Le porte-parole du gouvernement Mustapha Baitas a affirmé, hier jeudi, que le gouvernement a le droit de retirer du parlement le projet de loi relatif à la réforme du code pénal. Il faut rappeler que ce projet était bloqué depuis 2016 par les composantes de la majorité précédente qui l’avaient pourtant présenté à la chambre des représentants.
L’actuel Exécutif et l’ancien justifient cette hérésie parlementaire par la nécessité de réviser le texte dans son intégralité. Or la réalité est tout autre car ce blocage porte, essentiellement, sur l’article 256-8 relatif à l’incrimination de l’enrichissement illicite qui stipule: « Toute personne soumise à la déclaration obligatoire du patrimoine dont la situation financière ou celle de ses enfants mineurs connaît une hausse substantielle et non justifiée en comparaison avec ses revenus légitimes est passible d’une amende de 100.000 dirhams à 1 million de dirhams assortie de la confiscation des biens injustifiées et de l‘interdiction d’exercer toute fonction publique ».
Ce texte pourtant équilibré et qui n’instaure pas des peines privatives de liberté a fait peur à nos politiques, ministres, hauts fonctionnaires et fonctionnaires assujettis à la déclaration du patrimoine. Les lobbys ont infiltré les partis de la majorité dont les députés au sein de la commission de la justice ont réussi à bloquer ce texte pendant cinq ans avant qu’il ne soit définitivement retiré du circuit parlementaire par le gouvernement d’Akhannouch.
Autant dire qu’il existe dans notre pays une force très influente qui s’oppose à l’incrimination de l’enrichissement illicite qui est pourtant un outil indispensable pour combattre la corruption. Ce projet de loi est tout aussi coercitif que préventif car il s’attaque à la corruption en amant avant qu’elle ne soit effective contrairement à d’autres instances de la lutte contre la corruption.

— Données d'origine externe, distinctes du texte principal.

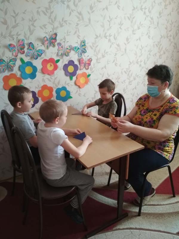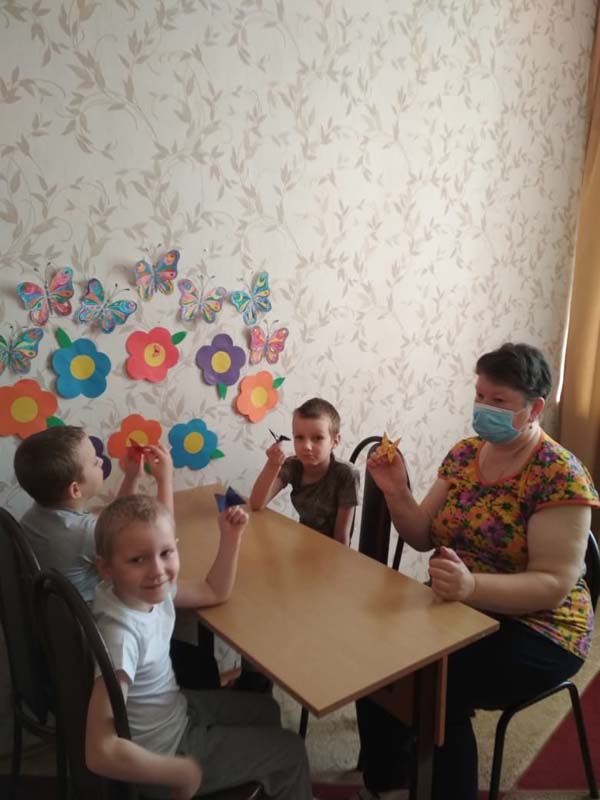 Занятие в творческой мастерской (руководитель Сергеева Л. Г.) было про бабочек. Дети узнали, что по разнообразию окраски бабочки вне конкуренции, отличаются они и размерами. Вспомнили знакомые названия бабочек. Воспитанники закрепили правила складывания поделок из бумаги. На занятии была использована пальчиковая гимнастика. Руководитель пошагово выполнила показ складывания насекомого, затем дети самостоятельно изготовили поделки. Для складывания бабочек была использована бумага квадратной формы. Дети посадили бабочек на цветущую поляну.

Car toute personne assujettie à la déclaration du patrimoine saura que tout bien indument acquis apparaîtra dans ses comptes ou dans ceux de ses enfants.
Il est vrai qu’il n’est pas facile de contrôler toutes les déclarations obligatoires de patrimoine et encore moins d’en déterminer les biens acquis illégalement. Mais ces obstacles sont communs à l’application de toute loi nouvelle car il faut du temps ainsi que des moyens humains et financiers à l’instance chargée de ce contrôle pour roder le processus. Autant dire que le seul obstacle qui se dresse à ce projet de loi demeure son adoption par les parlementaires qui s’élèvent contre la corruption et s’opposent au meilleur mécanisme pour la combattre.